According to Dr. Joy DeGury, the trauma and loss experienced by the African American people resulted in Post Traumatic Stress Disorder (PTSD). As a result, these sentiments were passed down from generation to generation, resulting in a lasting effect.
It is my conclusion from the evidence that we cannot ignore the effect on those who benefitted slavery as well. White Americans were significantly advantaged by slavery while slaves struggled. As a result of this inequity, White Americans have developed a set of social behaviors that denotes their dominance over other ethnic groups.
The dominant behavior of white Americans is exhibited by their discomfort with the presence and also the ambitions of people of color. Many White Americans believe that people of color should be obedient and meek in their presence. This discomfort represents the typical white American dismissal of the issues faced by people of color. For example, the political discussions about inequality experienced by other ethnic groups are often dismissed in favor for economic arguments. In general, any topics about race and racism are ignored or downplayed by White Americans.
The lack of social integration between White and Black Americans has led to a significant lack of empathy towards African Americans. Many non-color Americans are unwilling to integrate with people of color and have not partaken in any education about Black culture. This lack of education extends into the professional work place where there can be discomfort when a person of color is more advanced or has greater authority than a white person. I believe that these are examples of ‘21st Century Slave Master Syndrome.’
To my understanding, Slave Master Syndrome is the need to deny the occurrence of racial prejudice in any of its forms.

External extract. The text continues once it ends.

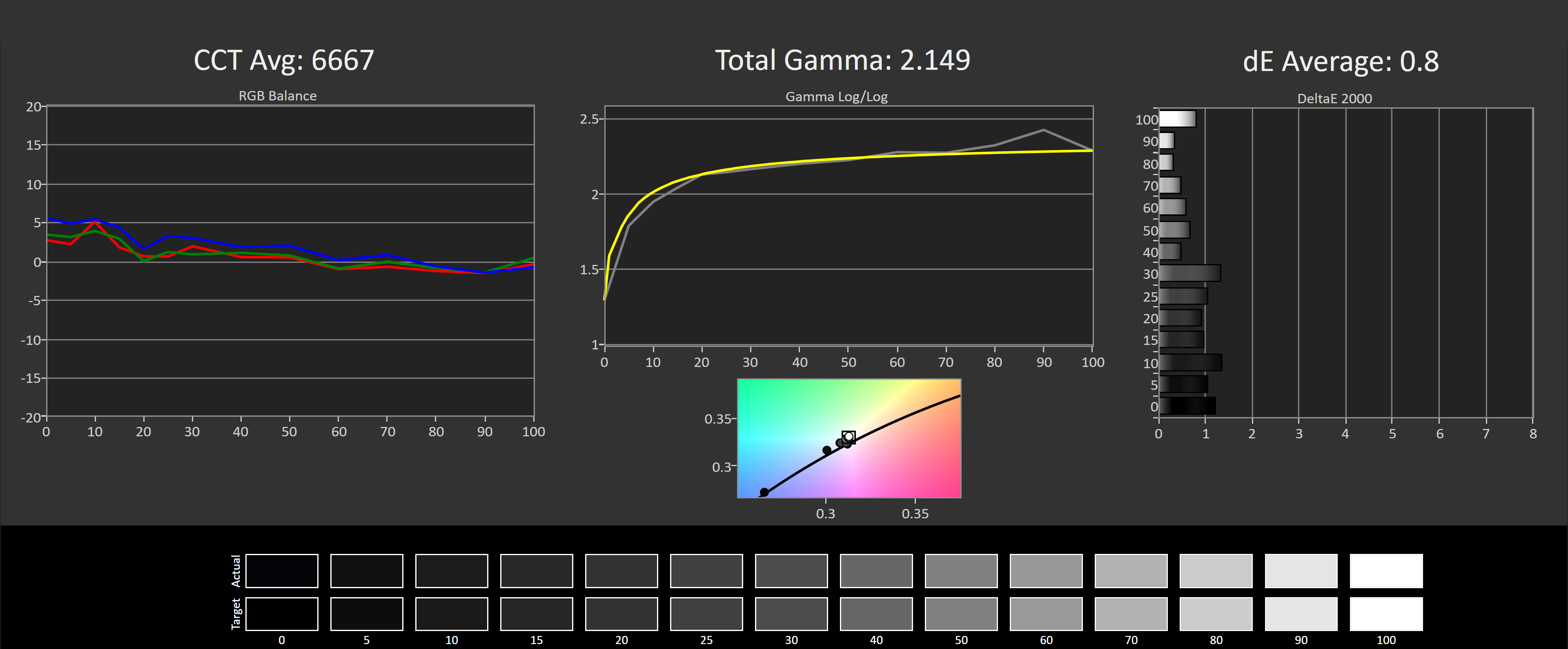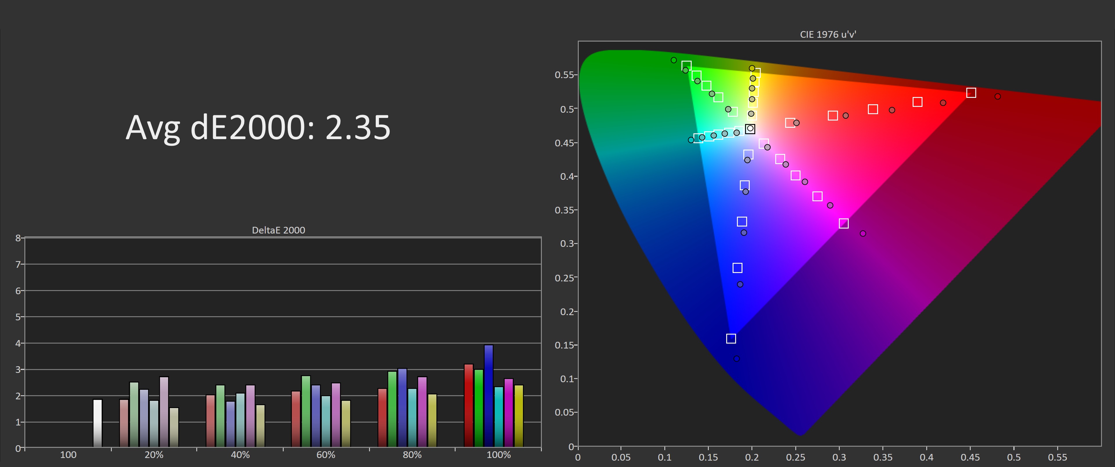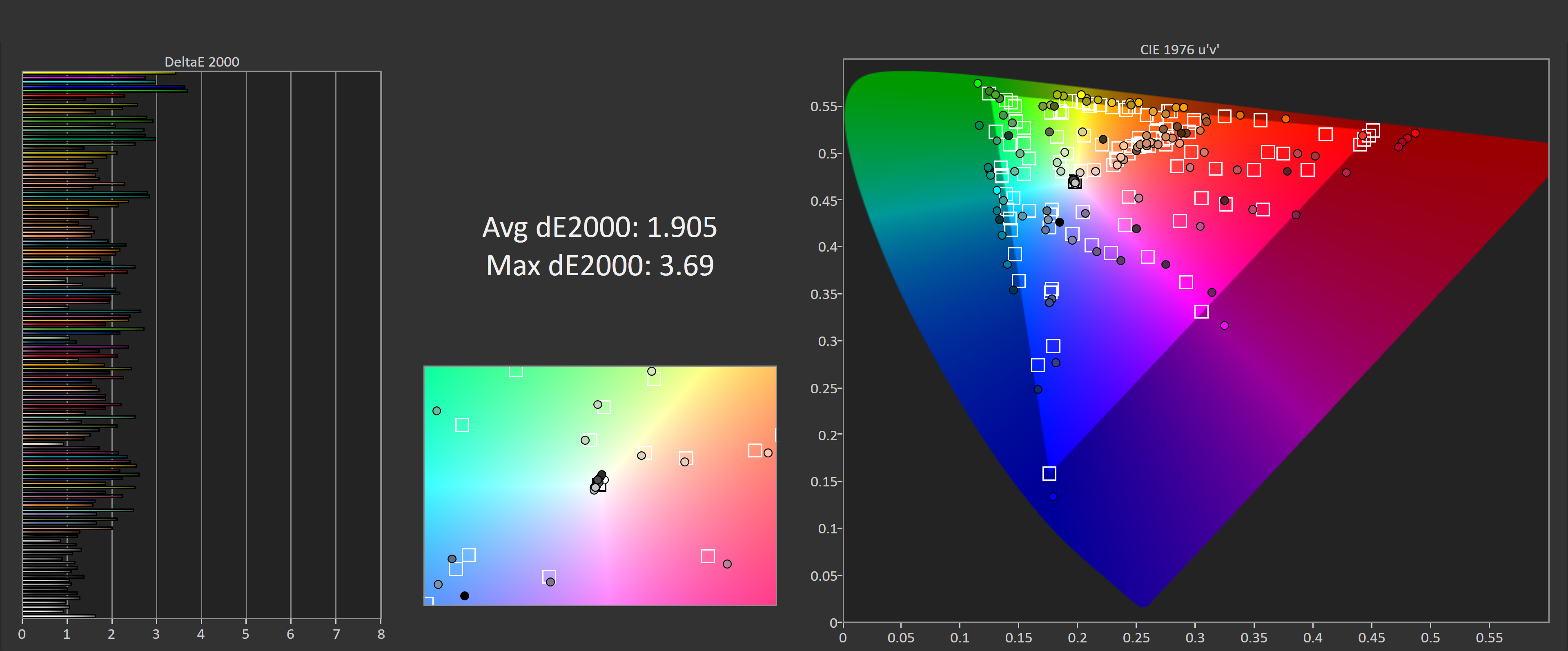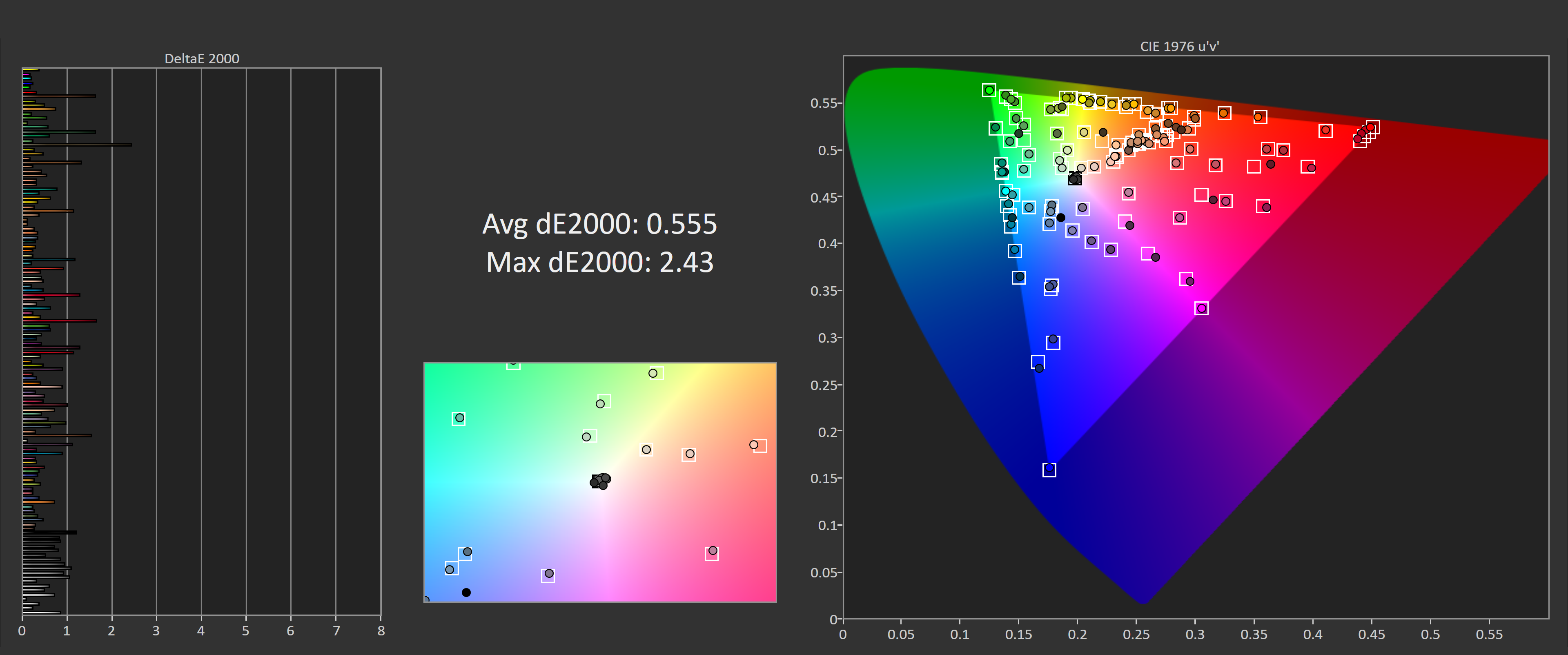 The CCT curve is also decent and while our unit was tinted very slightly towards the yellow end out of the box, this is a nitpick really and you won't get anything better outside of full calibration. Saturation performance is affected mostly by the unclamped gamut, but this only delivers moderately inaccurate results due to oversaturation; there are no other issues. Yes, we do see deltaE averages above 2.0 in saturation, but surprisingly in ColorChecker this is below 2.0, which is very good.

This may coincide with some misperception of the American behavior towards African Americans. Some people who exhibit components of this syndrome may project their personal beliefs onto others especially those beliefs that regard racism. Another key component of the Slave Master Syndrome is that these individuals have a burning desire to be in power and to lead others.
In this article, many examples of learned intergenerational behavior which is symptomatic of both theories were provided. These behaviors are hidden by covert actions and denial statements; however, these theories remain behind the subconscious actions that continue to oppress modern African Americans.